Al fin, después de un rato, el papá de Cariconte la dejó
en paz y salió hecho una tromba de la casa. Dentro de ésta
sólo quedaban dos agitados corazones y lágrimas confundidas.
Pero la histeria aún rondaba cerca y la mujer empezó a desesperarse
con el llanto del niño. En esas condiciones no tenía paciencia
alguna de estarlo acunando, sobre todo porque tenía cuatro más
que también lloriqueaban alrededor de ella. Sin saber de donde
le venía una rabia tan grande empezó a gritarle a todos
los niños que se callaran. Insultando, gritando y coceando, era
la réplica exacta del energúmeno que acababa de salir por
la puerta de la casa. Aventó con rabia a Cariconte sobre un sucio
colchón donde dormía ella y los demás niños
(“¡Y este mono pendejo que no se calla!”). A los otros
les ladró de soslayo (“¡Y ustedes váyanse a
la mierda o se callan de una vez!”). El grito de Cariconte seguía
extendiéndose por la casa y por el tiempo, sobresaliendo ahora
nítidamente, entre otros recuerdos que se comunicaban entre sí
al mismo tiempo. El grito del bebé era apenas un eco dentro de
una caja oscura, que rebotaba incesantemente como un chillido de murciélago,
propagándose, pero sin salirse de la caja. Era una sola nota monótona
repetida hasta la eternidad entre una maraña de neuronas y conexiones,
entre un mundo que podía ser éste o nunca haber existido.
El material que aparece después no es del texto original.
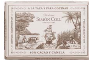
Chocolate a la Piedra 60% Canela 200g Ref: 5592
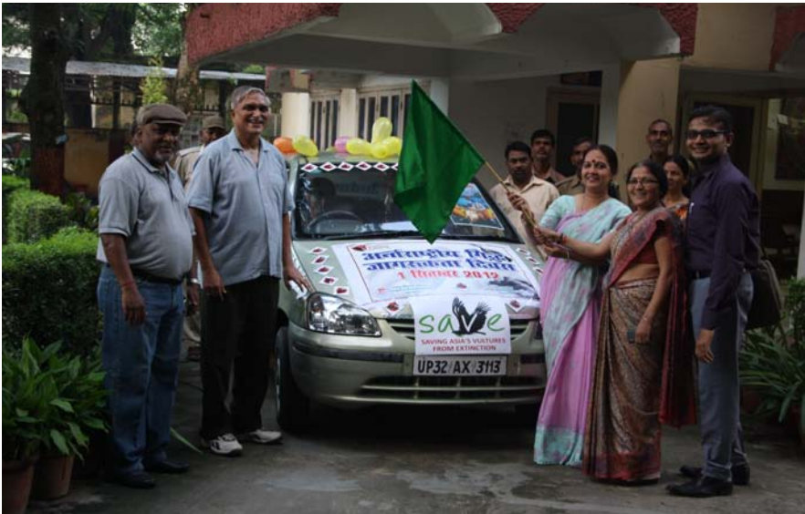
Well decorated vulture awareness car flag off by Vice Chancellor and his wife
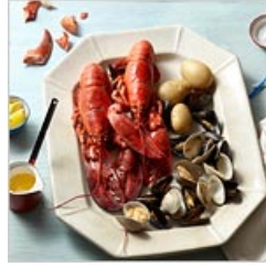
Let's Have a Real Nice Clambake
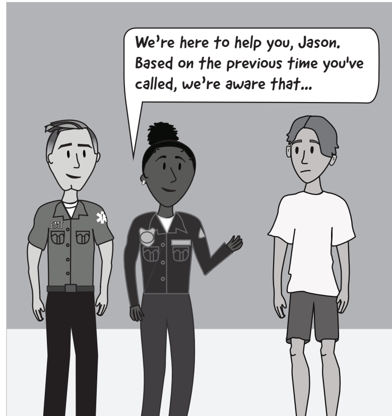
With access to information allowed by their profession, law enforcement and medical personnel conduct an informed conversation built on Jason's previous calls for help.
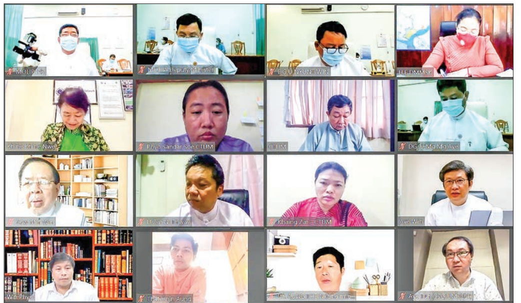
Union Minister U Thein Swe holds virtual meeting with representatives from labour organizations and UMFCCI officials on provision of social security benefits for insured workers on 8 October 2020.

A total of 1,832 factories and workplaces applied for the social security benefits between 24 September and 7 October via online web portal.

Cariconte sentía que el recuerdo le había llenado de agua
helada el cerebro, tenía un sentimiento de irrealidad que volvía
sensaciones nuevas lo que estaba haciendo, como si toda su vida hubiera
estado dormido o aletargado en un mundo interior de recuerdos y experiencias,
y la de ahora, él con la muchacha que gemía y lloraba con
voz gutural no fuera más que un producto fortuito, inexplicable.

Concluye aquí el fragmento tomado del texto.